Extracted material:
++++++++

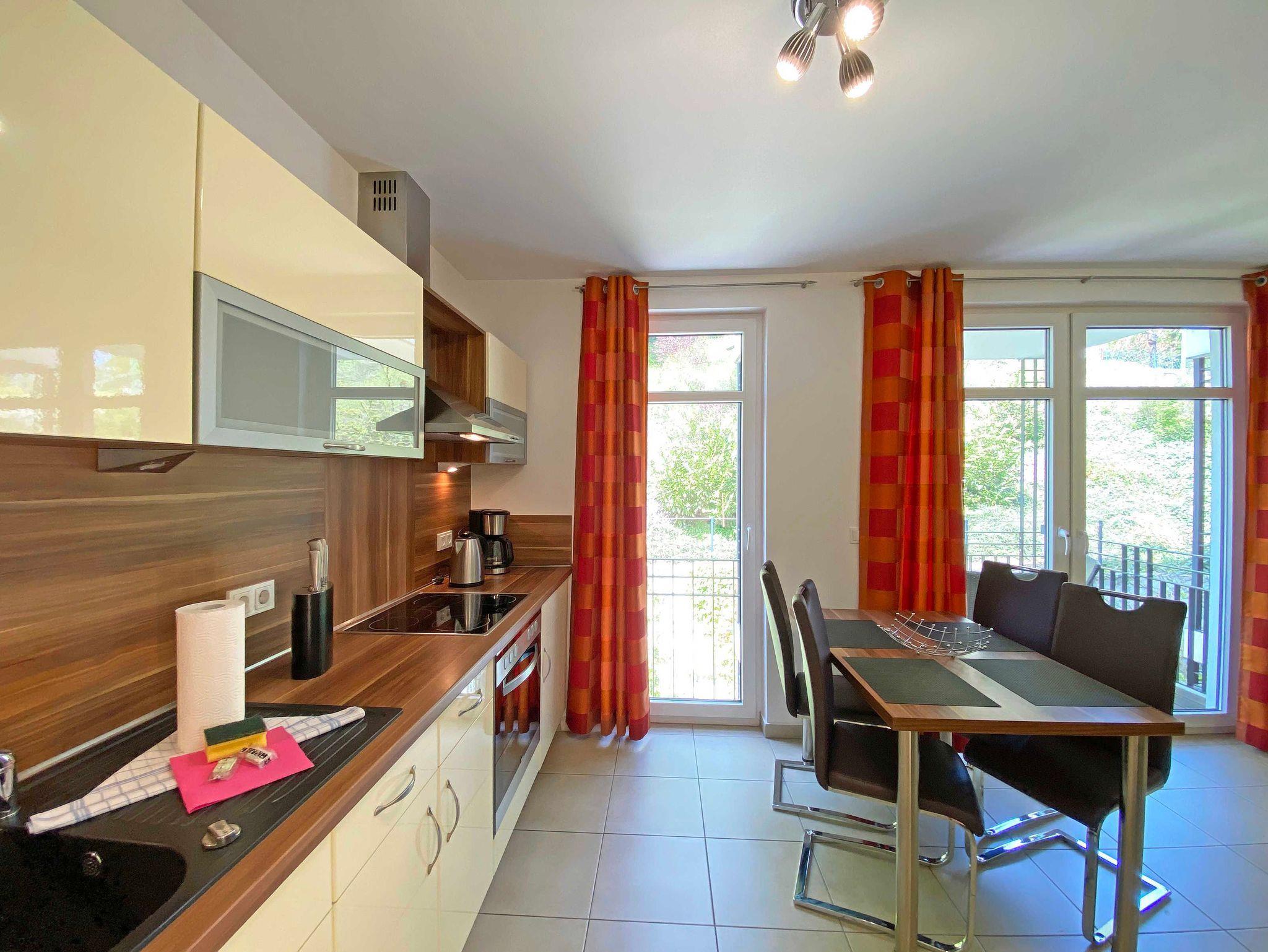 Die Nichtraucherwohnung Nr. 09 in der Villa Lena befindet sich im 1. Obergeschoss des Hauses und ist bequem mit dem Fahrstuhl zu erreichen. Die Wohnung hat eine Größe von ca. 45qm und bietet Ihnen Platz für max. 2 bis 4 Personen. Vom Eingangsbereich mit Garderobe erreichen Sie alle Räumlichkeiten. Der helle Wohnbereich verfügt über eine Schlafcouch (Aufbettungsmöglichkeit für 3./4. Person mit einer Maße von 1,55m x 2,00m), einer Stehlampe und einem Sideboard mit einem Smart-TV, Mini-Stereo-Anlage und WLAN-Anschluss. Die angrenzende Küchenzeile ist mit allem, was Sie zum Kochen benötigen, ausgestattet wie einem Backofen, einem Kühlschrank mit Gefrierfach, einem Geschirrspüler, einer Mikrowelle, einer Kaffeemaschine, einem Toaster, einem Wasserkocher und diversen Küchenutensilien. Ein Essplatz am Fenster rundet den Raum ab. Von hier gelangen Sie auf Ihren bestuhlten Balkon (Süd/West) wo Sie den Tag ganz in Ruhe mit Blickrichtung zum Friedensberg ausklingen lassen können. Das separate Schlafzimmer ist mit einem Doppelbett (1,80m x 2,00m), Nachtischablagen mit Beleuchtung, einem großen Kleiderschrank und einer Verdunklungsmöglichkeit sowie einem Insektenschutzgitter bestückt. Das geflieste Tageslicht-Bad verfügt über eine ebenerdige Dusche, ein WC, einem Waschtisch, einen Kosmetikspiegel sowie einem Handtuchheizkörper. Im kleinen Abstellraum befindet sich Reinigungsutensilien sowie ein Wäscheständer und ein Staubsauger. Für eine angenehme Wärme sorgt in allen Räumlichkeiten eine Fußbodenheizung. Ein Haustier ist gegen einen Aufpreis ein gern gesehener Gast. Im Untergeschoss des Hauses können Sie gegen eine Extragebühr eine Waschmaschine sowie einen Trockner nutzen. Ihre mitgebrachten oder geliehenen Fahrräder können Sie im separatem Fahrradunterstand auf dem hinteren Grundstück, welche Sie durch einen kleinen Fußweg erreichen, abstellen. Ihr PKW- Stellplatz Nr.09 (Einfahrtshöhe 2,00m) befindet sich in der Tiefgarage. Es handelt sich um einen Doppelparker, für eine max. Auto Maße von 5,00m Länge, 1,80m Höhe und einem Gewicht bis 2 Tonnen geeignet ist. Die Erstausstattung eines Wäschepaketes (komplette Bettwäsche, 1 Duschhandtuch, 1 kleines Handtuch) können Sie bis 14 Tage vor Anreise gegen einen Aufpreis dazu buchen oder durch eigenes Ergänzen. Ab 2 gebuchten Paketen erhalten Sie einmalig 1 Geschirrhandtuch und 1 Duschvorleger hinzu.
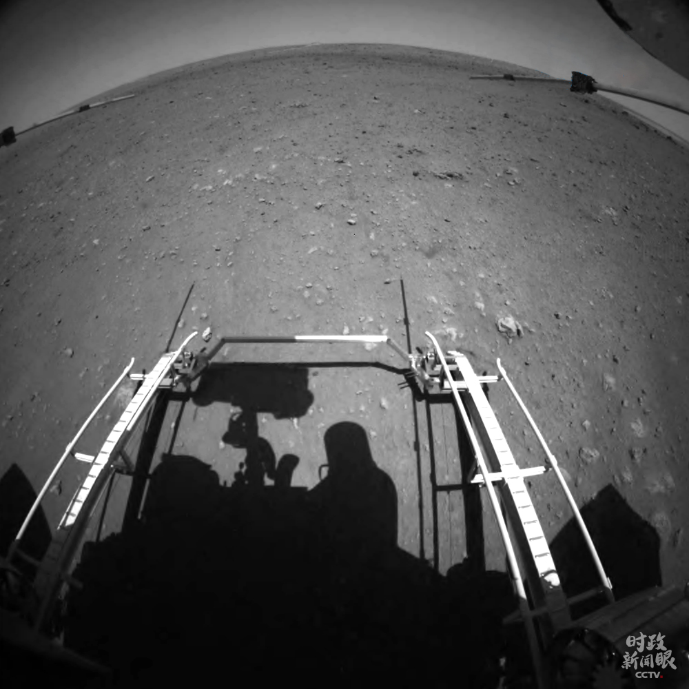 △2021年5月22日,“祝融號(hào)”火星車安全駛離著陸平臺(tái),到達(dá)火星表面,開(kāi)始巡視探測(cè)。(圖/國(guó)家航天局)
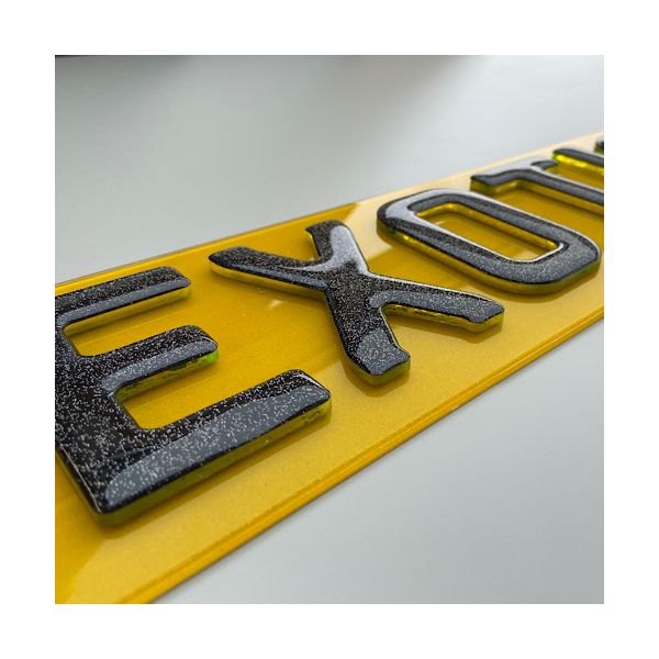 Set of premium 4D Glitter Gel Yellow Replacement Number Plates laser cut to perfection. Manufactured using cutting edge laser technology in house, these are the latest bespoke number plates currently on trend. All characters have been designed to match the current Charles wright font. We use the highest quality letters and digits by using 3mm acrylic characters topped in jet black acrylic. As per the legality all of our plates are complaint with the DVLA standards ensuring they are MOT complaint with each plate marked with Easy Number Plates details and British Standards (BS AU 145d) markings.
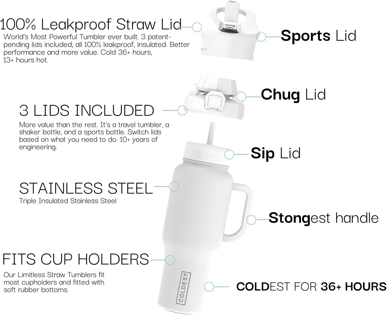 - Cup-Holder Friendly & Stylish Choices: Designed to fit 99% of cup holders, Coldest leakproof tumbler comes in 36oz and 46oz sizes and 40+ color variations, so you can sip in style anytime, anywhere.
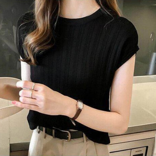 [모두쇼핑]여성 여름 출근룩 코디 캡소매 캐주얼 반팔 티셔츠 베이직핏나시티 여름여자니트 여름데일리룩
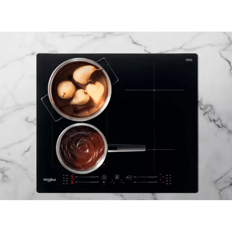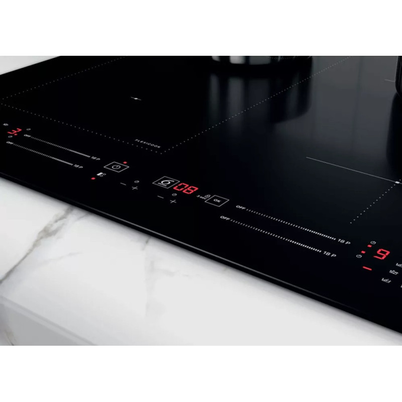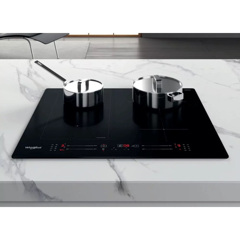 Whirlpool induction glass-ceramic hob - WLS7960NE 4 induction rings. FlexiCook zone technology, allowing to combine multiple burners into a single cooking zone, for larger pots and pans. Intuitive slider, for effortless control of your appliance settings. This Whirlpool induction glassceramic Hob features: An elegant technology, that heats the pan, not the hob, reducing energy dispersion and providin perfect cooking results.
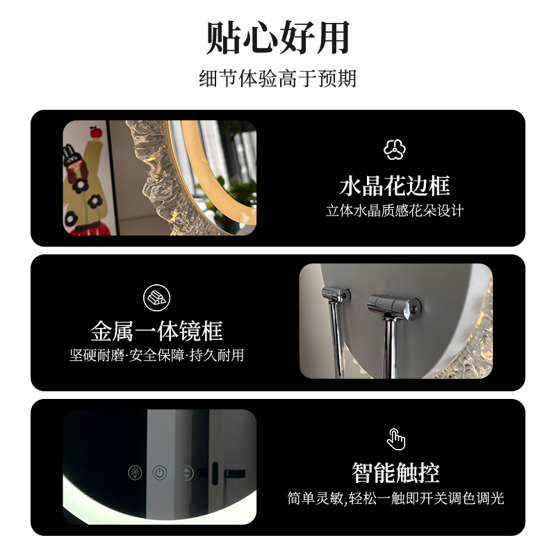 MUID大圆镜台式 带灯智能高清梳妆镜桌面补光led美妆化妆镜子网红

++++++++

Assignment: The answer must be an exact transcription of the lines from the one containing "- Cup-Holder Friendly" through the last line of the records above, both included, with no pictures.

Response:
 - Cup-Holder Friendly & Stylish Choices: Designed to fit 99% of cup holders, Coldest leakproof tumbler comes in 36oz and 46oz sizes and 40+ color variations, so you can sip in style anytime, anywhere.
 [모두쇼핑]여성 여름 출근룩 코디 캡소매 캐주얼 반팔 티셔츠 베이직핏나시티 여름여자니트 여름데일리룩
 Whirlpool induction glass-ceramic hob - WLS7960NE 4 induction rings. FlexiCook zone technology, allowing to combine multiple burners into a single cooking zone, for larger pots and pans. Intuitive slider, for effortless control of your appliance settings. This Whirlpool induction glassceramic Hob features: An elegant technology, that heats the pan, not the hob, reducing energy dispersion and providin perfect cooking results.
 MUID大圆镜台式 带灯智能高清梳妆镜桌面补光led美妆化妆镜子网红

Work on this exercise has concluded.